Adviento 2011. La sala de espera de Dios
Los más jóvenes no se acuerdan de lo que era escribir una carta que tardaría días en llegar. La velocidad es un imperativo contemporáneo. Alta velocidad para los transportes, ancho de banda para las telecomunicaciones, programación a la carta para los televidentes, inmediatez para los encuentros. Hoy en día causa furor el WhatsApp, una forma de comunicación instantánea que hace que las personas puedan estar intercambiando mensajes en cualquier momento con sus amigos, familiares y conocidos a través de móviles y otros dispositivos portátiles. Parece que la inmediatez es una batalla ganada.

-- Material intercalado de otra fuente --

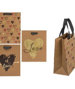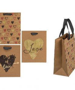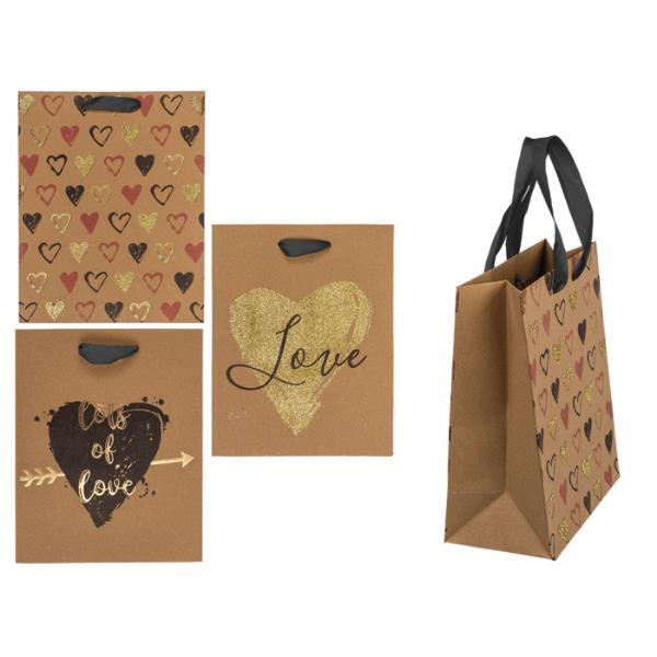 Χάρτινες τσάντες κραφτ με καρδιές, κοκτέηλ 3 σχέδια Υ23x18x10εκ.

Sin embargo, querámoslo o no, la espera sigue siendo parte de la vida. Porque somos humanos, y por esto mismo capaces de desear y de imaginar. Una combinación poderosa, esta de imaginación y deseo. El deseo nos empuja, nos ilumina, nos hace buscar. Deseamos de muchas maneras, y nuestro anhelo tiene muchos objetivos, materiales o inmateriales, efímeros o duraderos, personales o impersonales…
Como además tenemos imaginación, anticipamos lo que podría ocurrir si esos deseos se cumplen. Y si lo vemos posible, aunque sea difícil, la espera se convierte en esperanza. El reverso de esto es el miedo, cuando tememos lo que puede ocurrir; y lejos de desearlo, quisiéramos evitarlo.
Aunque nos vayamos desacostumbrando a esperar, por aquello de la inmediatez, la espera nunca desaparecerá de nuestras vidas (afortunadamente). Porque en nuestro horizonte está el futuro. Y el futuro es el tiempo de las promesas, de las posibilidades, de los deseos que aún no han tomado cuerpo. Aunque no toda espera es tan sublime, bucólica o esencial. En realidad, la espera empieza en el momento que algo no ocurre ya mismo. Esperamos en la cola de un supermercado para pagar; o en clase, desmoralizados por la lentitud con que transcurren los minutos.
Esperas que merecen la pena
Hay algunas esperas que son desesperantes, un verdadero incordio. Podríamos perfectamente prescindir de ellas. No nos aportan nada. Como mucho, nos ayudan a ejercitar la paciencia. Pero hay otras que son bonitas. ¿Qué sería de la vida sin la capacidad de anticipar? Pongamos el ejemplo del amor.
Es verdad que hay quien prefiere vivir las relaciones –también el afecto– en versión exprés, con poca inversión vital y poco desgaste. Pero quien alguna vez ha estado enamorado, sabe que, si te corresponden, la relación se vive en el tiempo en que la pareja está junta, pero también en el tiempo en que, separados, se esperan, se anticipan, se imaginan. Y así, los abrazos reales heredan otros muchos que se han soñado antes.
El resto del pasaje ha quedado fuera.